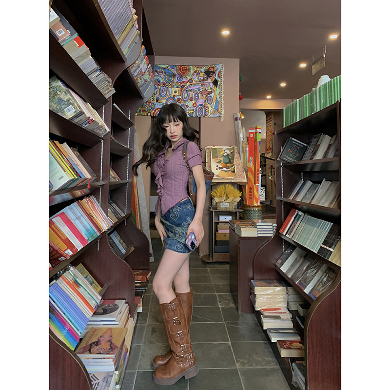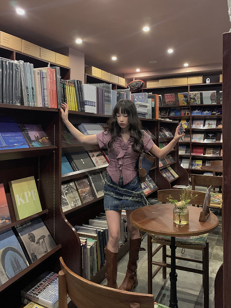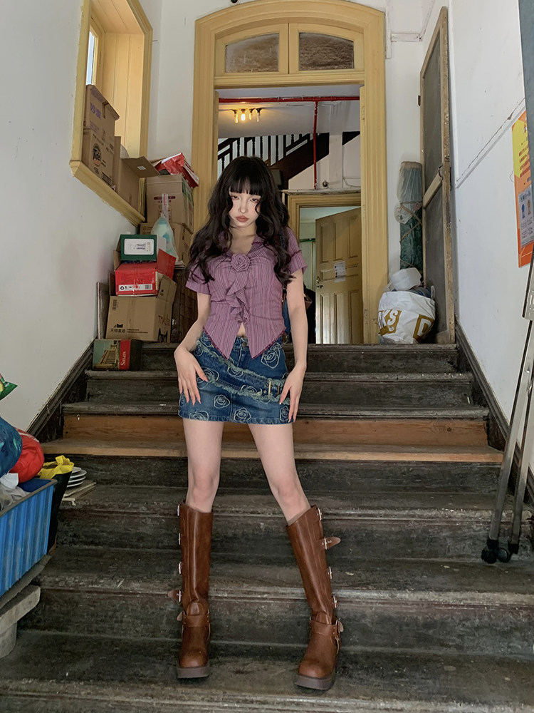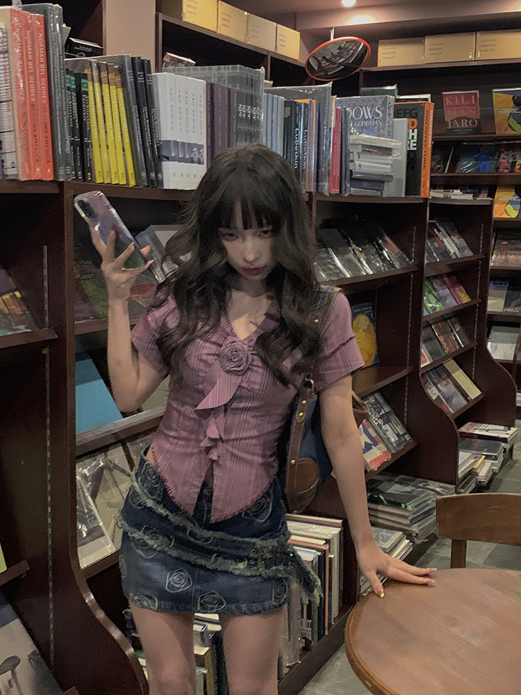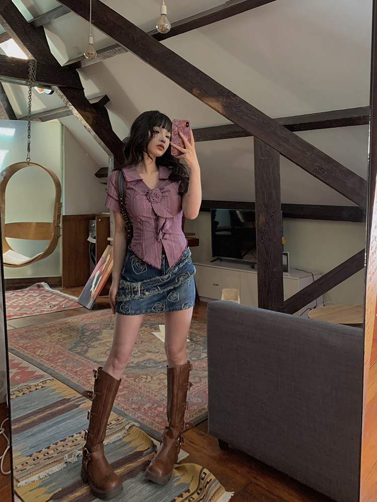 Стол квадратного стола Funnj ◆ Пурпурная ретро-розовая полосатая рубашка с короткими рукавами для женского летнего лучшего верха (отправить в соответствие цветам)
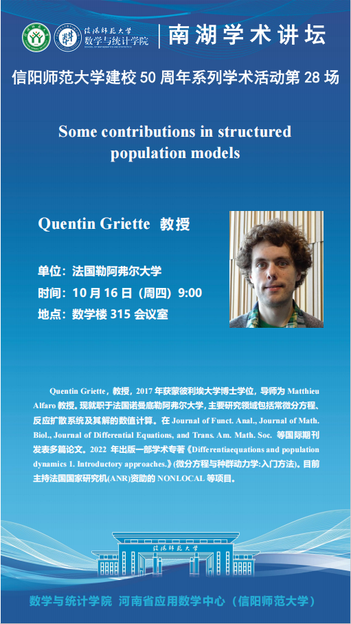 hg皇冠官网50周年之南湖讲坛:法国勒阿弗尔大学Quentin Griette教授——Some contributions in structured population models
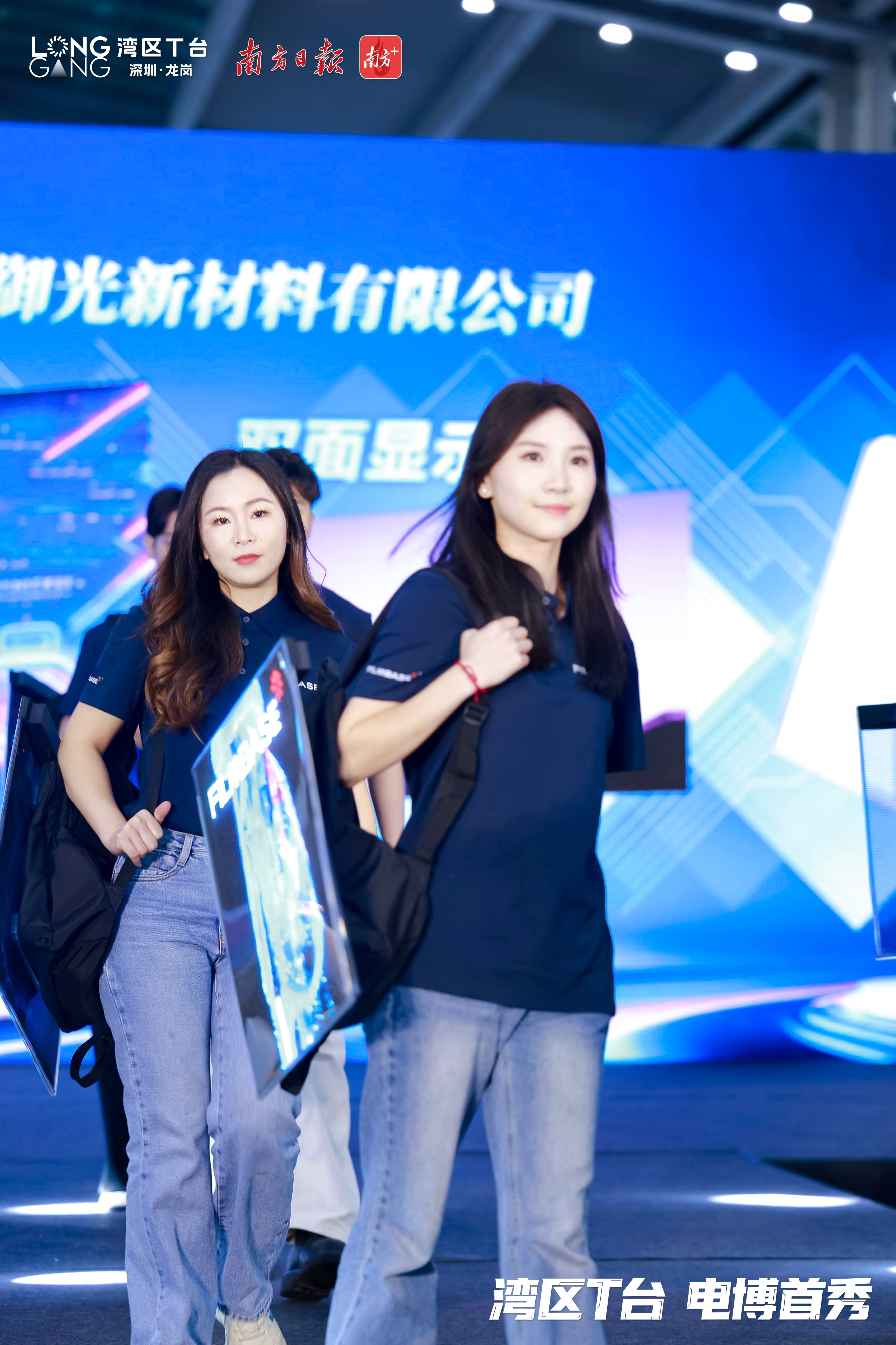 4月9日,在第十四届中国电子信息博览会的“湾区T台 电博首秀”活动上,深圳御光新材料有限公司(下称“御光”)携穿戴屏、飞天屏、智能调光膜等创新产品惊艳亮相,搭配外场AI互动3D透明屏,吸引众多客商驻足围观咨询,达成多项合作意向。
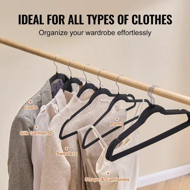 VEVOR Hangers, 11lbs Load-Bearing, 50 Pack Black Velvet Hangers with 360 Degree Swivel Hook & 0.2 in Ultra-Thin Design, Non-Slip Space Saving Hangers, Fit for Silk Garments, Coats, Sweaters & Straps
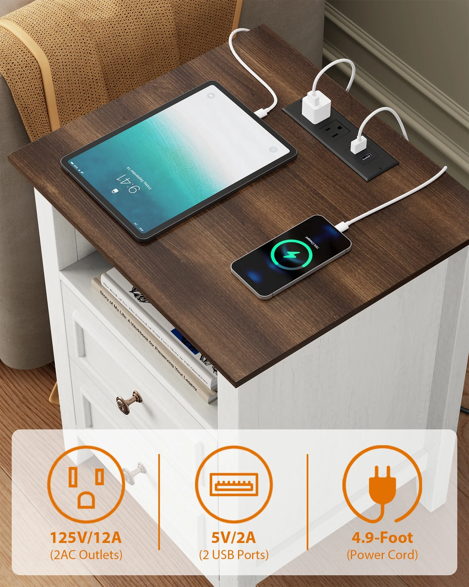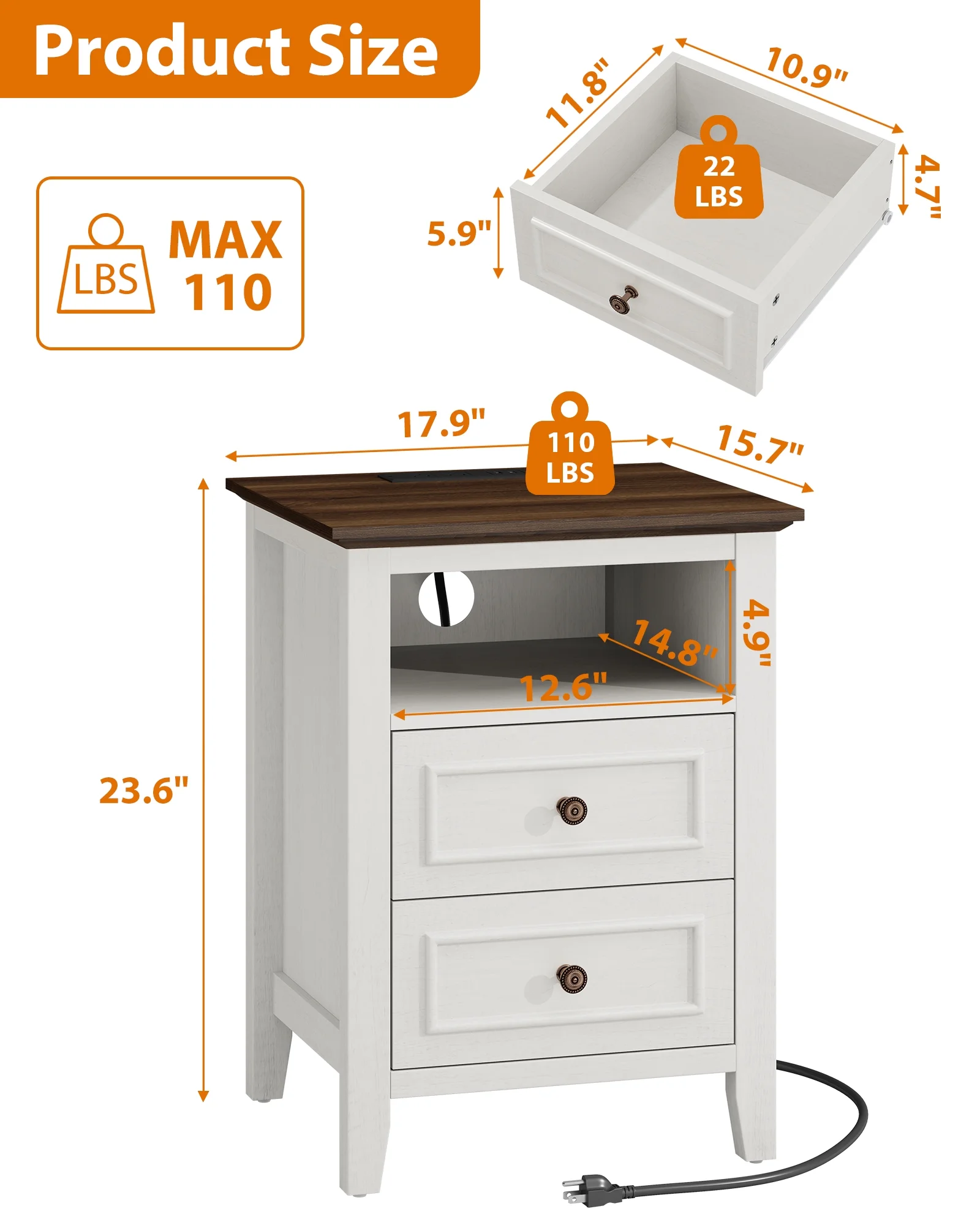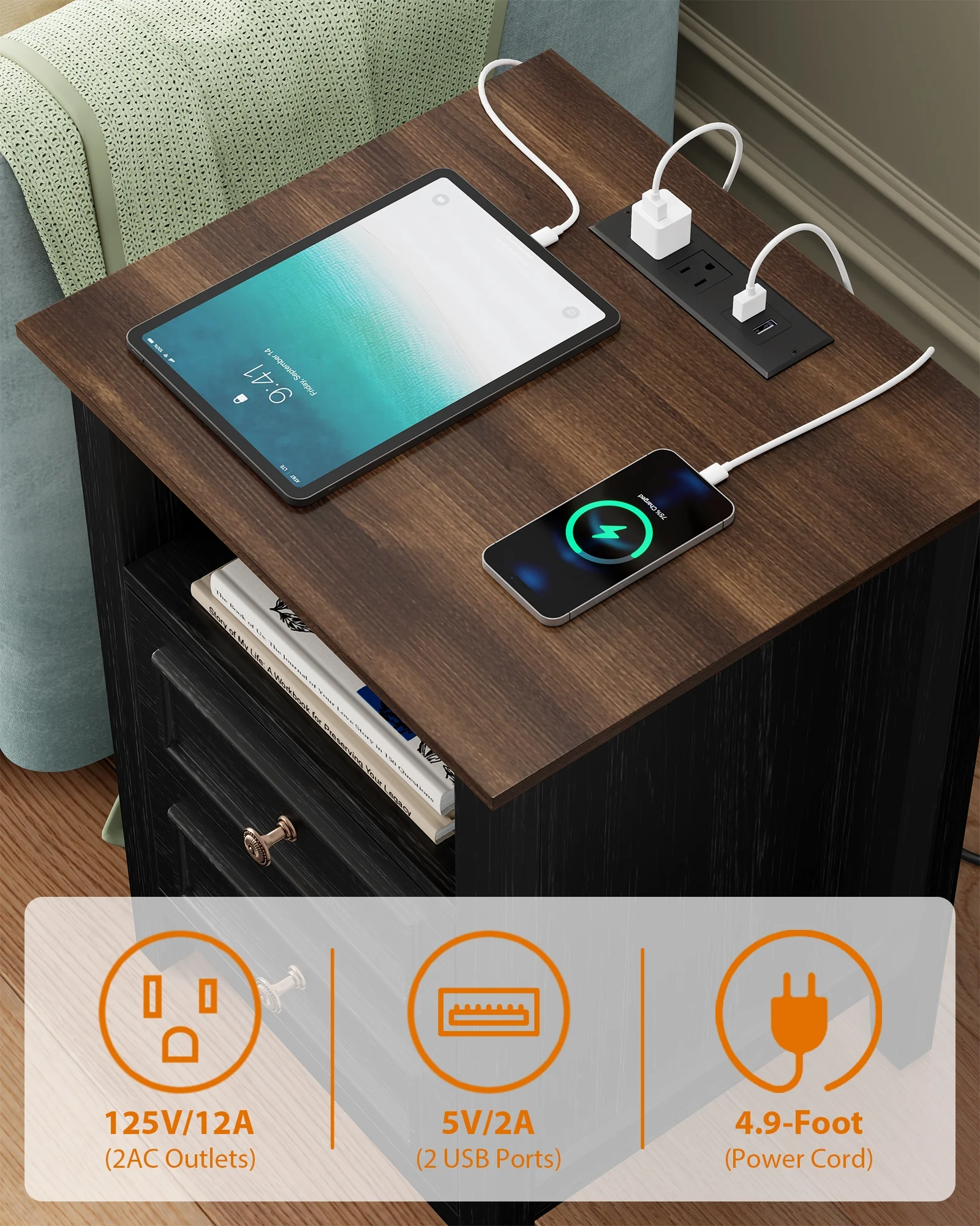 Clever Storage: With 3 deep drawers, this end tables for bedroom provides ample space for all your bedtime essentials. The wide tabletop doubles as a decorative display area for your lamp, alarm clock, or personal items like photos or plants.

⁂

→ WHAT YOU SHOULD DO
Return the entries unchanged, save for the pictures, which do not belong in the copy.

→ EXERCISE ANSWER
 Стол квадратного стола Funnj ◆ Пурпурная ретро-розовая полосатая рубашка с короткими рукавами для женского летнего лучшего верха (отправить в соответствие цветам)
 hg皇冠官网50周年之南湖讲坛:法国勒阿弗尔大学Quentin Griette教授——Some contributions in structured population models
 4月9日,在第十四届中国电子信息博览会的“湾区T台 电博首秀”活动上,深圳御光新材料有限公司(下称“御光”)携穿戴屏、飞天屏、智能调光膜等创新产品惊艳亮相,搭配外场AI互动3D透明屏,吸引众多客商驻足围观咨询,达成多项合作意向。
 VEVOR Hangers, 11lbs Load-Bearing, 50 Pack Black Velvet Hangers with 360 Degree Swivel Hook & 0.2 in Ultra-Thin Design, Non-Slip Space Saving Hangers, Fit for Silk Garments, Coats, Sweaters & Straps
 Clever Storage: With 3 deep drawers, this end tables for bedroom provides ample space for all your bedtime essentials. The wide tabletop doubles as a decorative display area for your lamp, alarm clock, or personal items like photos or plants.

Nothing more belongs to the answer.